Ni siquiera durante el tiempo de su apresamiento dejó el Siervo de Dios de hacer el bien a quienes lo perseguían. Curó a uno de sus verdugos de una herida que se causó a sí mismo al disparársele el arma homicida que portaba en sus manos. Hizo asimismo una receta para el hijo que tenía enfermo uno de los que lo acosaban. Además, subido ya al camión que lo conduciría al lugar elegido para el asesinato, recordó a sus pacientes. Pidió un lápiz y papel y escribió en él los nombres de los que esperaban su visita profesional. Después rogó a alguien de su entorno que hiciera llegar aquella lista a otro médico del pueblo, para que él mantuviera bajo su cuidado a quienes ya nunca podría atender.

Con cinco detenidos más, cuyos nombres circulaban con anterioridad como «gente de orden» que merecía ser ejecutada, fue llevado al lugar denominado «el Pla», a unos 3 kilómetros de distancia de Arbeca, por la carretera que conduce a les Borges Blanques (Lleida). Si otros detenidos eran estimados dignos de muerte por considerarlos personas «de orden», que asentaban su vida sobre fundamentos éticos que no compartían los milicianos, en el Siervo de Dios, a los valores éticos, se añadían también los propios de la moral evangélica. En el viaje hacia el lugar de la condena exhortó a la oración a sus compañeros detenidos y, en concreto, al arrepentimiento.

Llegados al terreno conocido como «el Pla» los hicieron descender del vehículo que los trasportaba. Esperaban allí reunidas varias decenas de gentes que procedían de diversos lugares, dispuestos a participar en la ejecución o al menos a presenciarla de cerca. Contra los prisioneros no se había formado proceso alguno.  Se cree que el Siervo de Dios tornó a exhortar a la plegaria a los demás detenidos. Una persona que pasaba por aquel lugar oyó que pronunciaba estas palabras: «En tus manos, Señor, encomiendo mi espíritu». Antes de matarlo lo asestaron un golpe en el rostro con una azada. Del impacto recibido le saltaron los dientes.
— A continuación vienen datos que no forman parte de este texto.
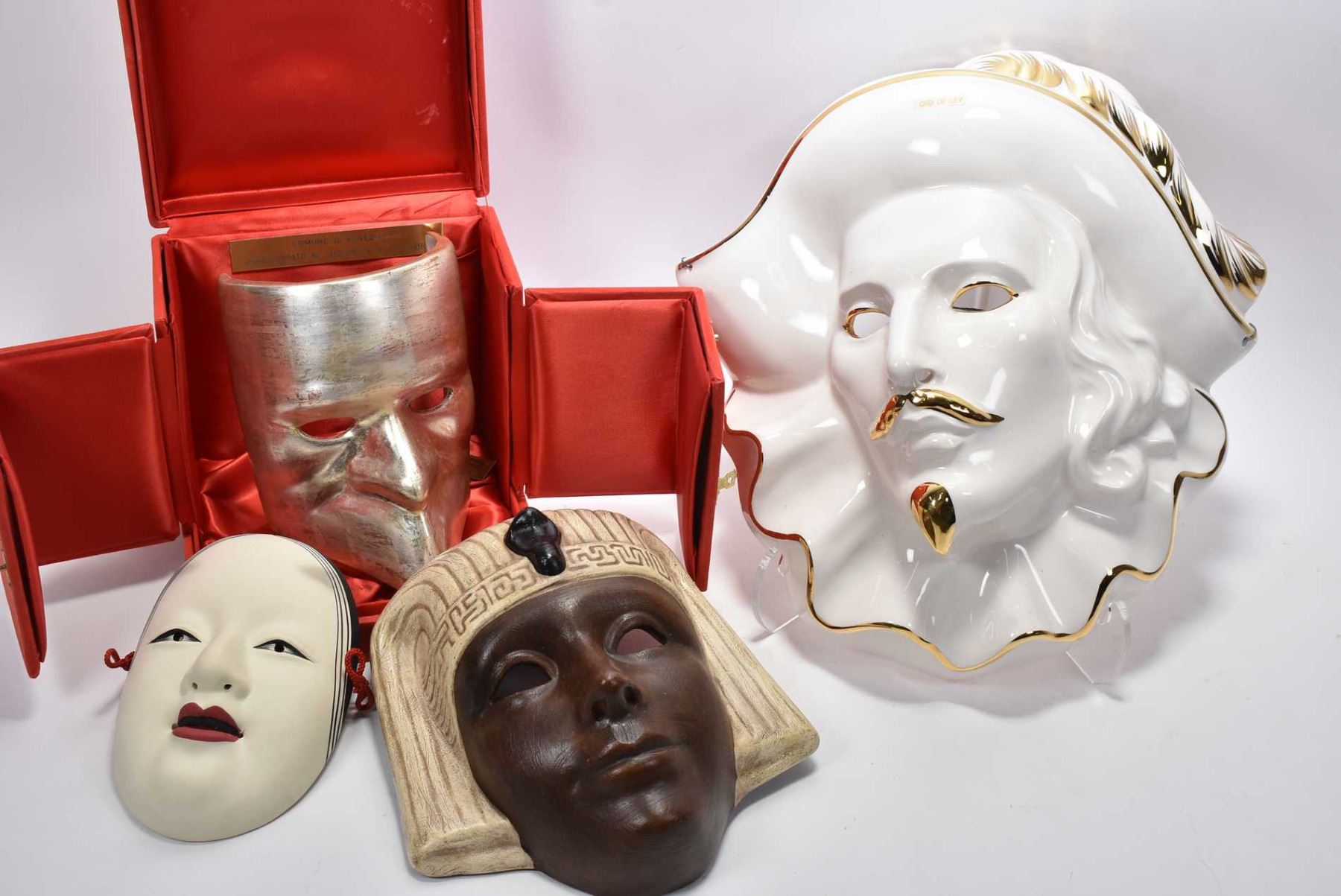 Selection of wall masks including "Oro de Ley" glazed porcelain, Gianni Cavalier signed mask in presentation box plus an Egyptian style and a Oriental mask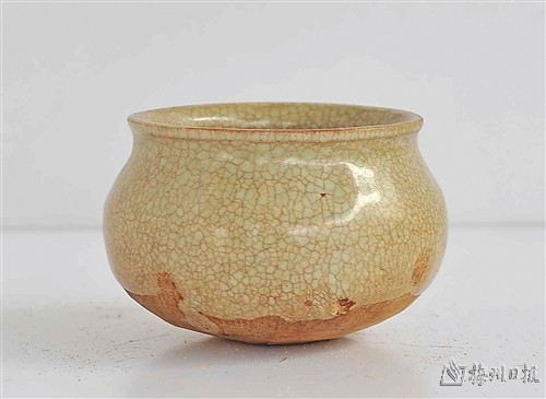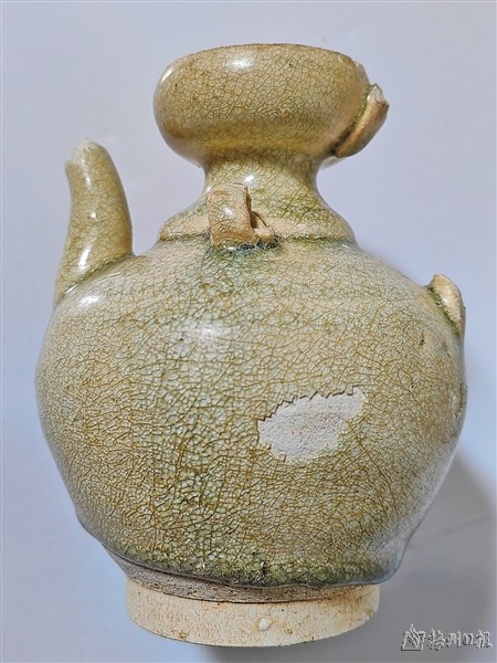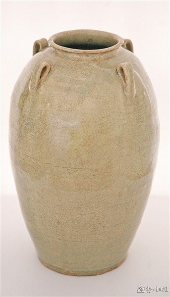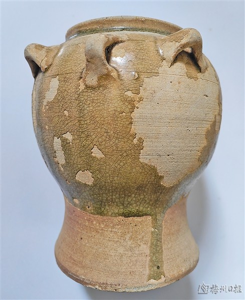 梅县水车窑青瓷四系罐(图①),属唐代青瓷,器型硕大,33×22厘米(罐口10.6厘米),保存完好,类椭圆形,为水车窑高身壶最典型的造型,釉色莹润、古拙素净,曾在2008年中央电视台“寻宝”大型活动中被专家评审团评定为“梅州民间国宝”。

Con los impactos de las balas en sus cuerpos y, cuando al menos algunos, estaban todavía con vida, los rociaron con gasolina y los prendieron fuego. Se oyeron sus lamentos de dolor desde lejos. Aquella misma tarde partió de Lleida una crónica para el periódico barcelonés «La Rambla», en ella se ofrecía una versión de los hechos completamente alejada de la realidad. A los, en realidad, detenidos y conducidos en la caja de un camión al lugar de la ejecución, los presentaba dicho relato como atacantes fascistas apostados al borde de la carretera, a los que los milicianos que circulaban por allí se vieron obligados a repeler, causando entre ellos algunos muertos, entre otros, el médico de Arbeca, al que se mencionaba expresamente como agresor.

Los allegados a los muertos, con gran valentía y riesgo, pudieron reunir algunos restos que quedaron esparcidos por el lugar del asesinato. Más tarde, el 13 de agosto de 1940 colocaron las cenizas mezcladas de los fusilados en un monumento en forma de cruz que elevaron en el lugar del Pla. Allí se hallan hasta el día de hoy. La fama de martirio del Siervo de Dios comenzó a raíz del conocimiento de su muerte y ha ido aumentando con el paso del tiempo.